SU‐FF‐T‐221: Evaluation of Titanium Metal Imaging Artifacts On Proton Dose Calculation

Purpose: Metal implants can cause CT image artifacts that result in inaccurate CT number determination local to the metal implant. For proton therapy treatment planning, CT numbers are converted to stopping powers to calculate dose and range, which affects the treatment compensator design. We evaluated the effects of metal artifacts from titanium surgical implants on proton dose calculation accuracy and on range uncertainty. Method and Material: Surgical Titanium metal screws and discs are placed in a small water tube that was inserted into a plastic Head Phantom. The phantom was imaged on a GE 16 slice scanner using a standard Head protocol. Each image slice was then carefully reviewed and the Titanium metal and its artifacts in adjacent areas were contoured using Varian Eclipse TPS. Proton treatment plans were generated with and without overwriting the CT numbers within the metal artifacts contours on the planning image sets.
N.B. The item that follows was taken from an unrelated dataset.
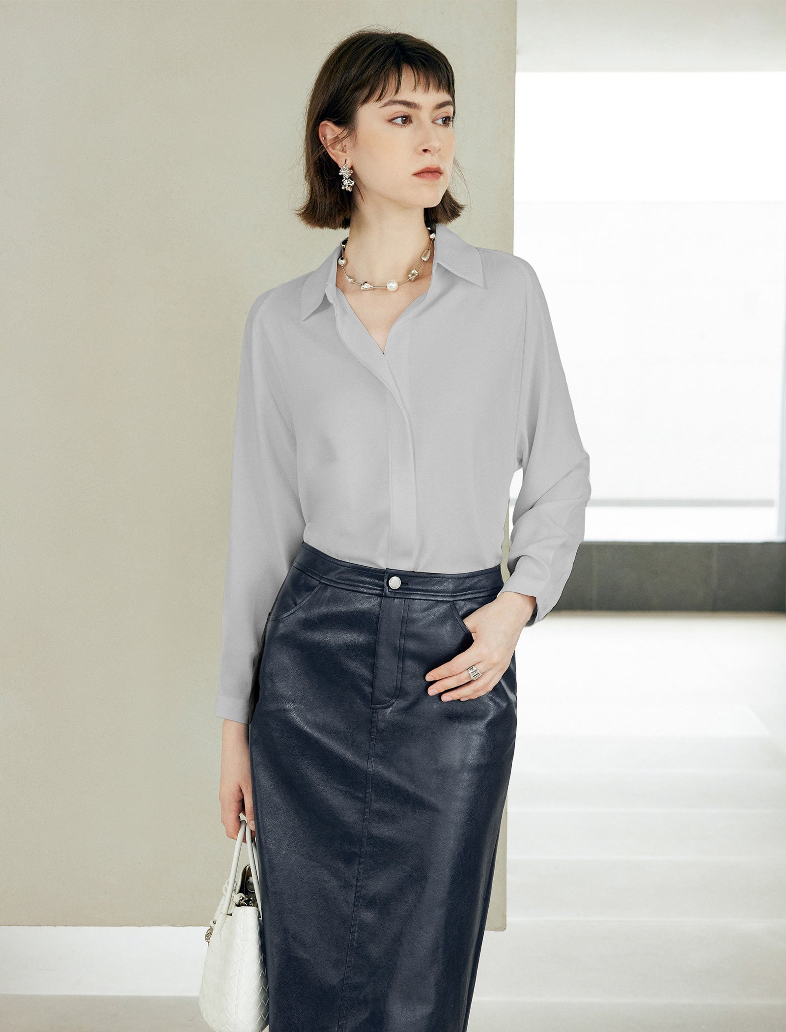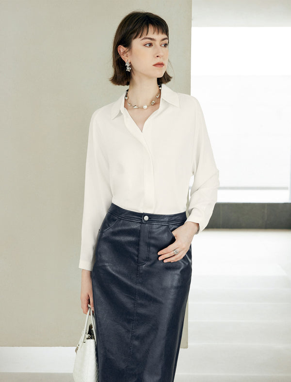 Mulberry Silk Hidden Button Placket Shirt

Then, treatment plans were created and compared to each other for dose and range differences. Result: There appears to be less than 2% overall dose differences in the treatment target between the plans with and without artifact overwrite. There was an increase in proton range of 3 mm for the overwritten image set. Conclusion: For the commonly used Titanium screws and discs in brain surgery, the image artifacts appear to cause minimal (<2%) effect on dose delivered to the treatment target. The range uncertainty is of the order of 3mm, which is within the distal margin for passive scattering proton planning.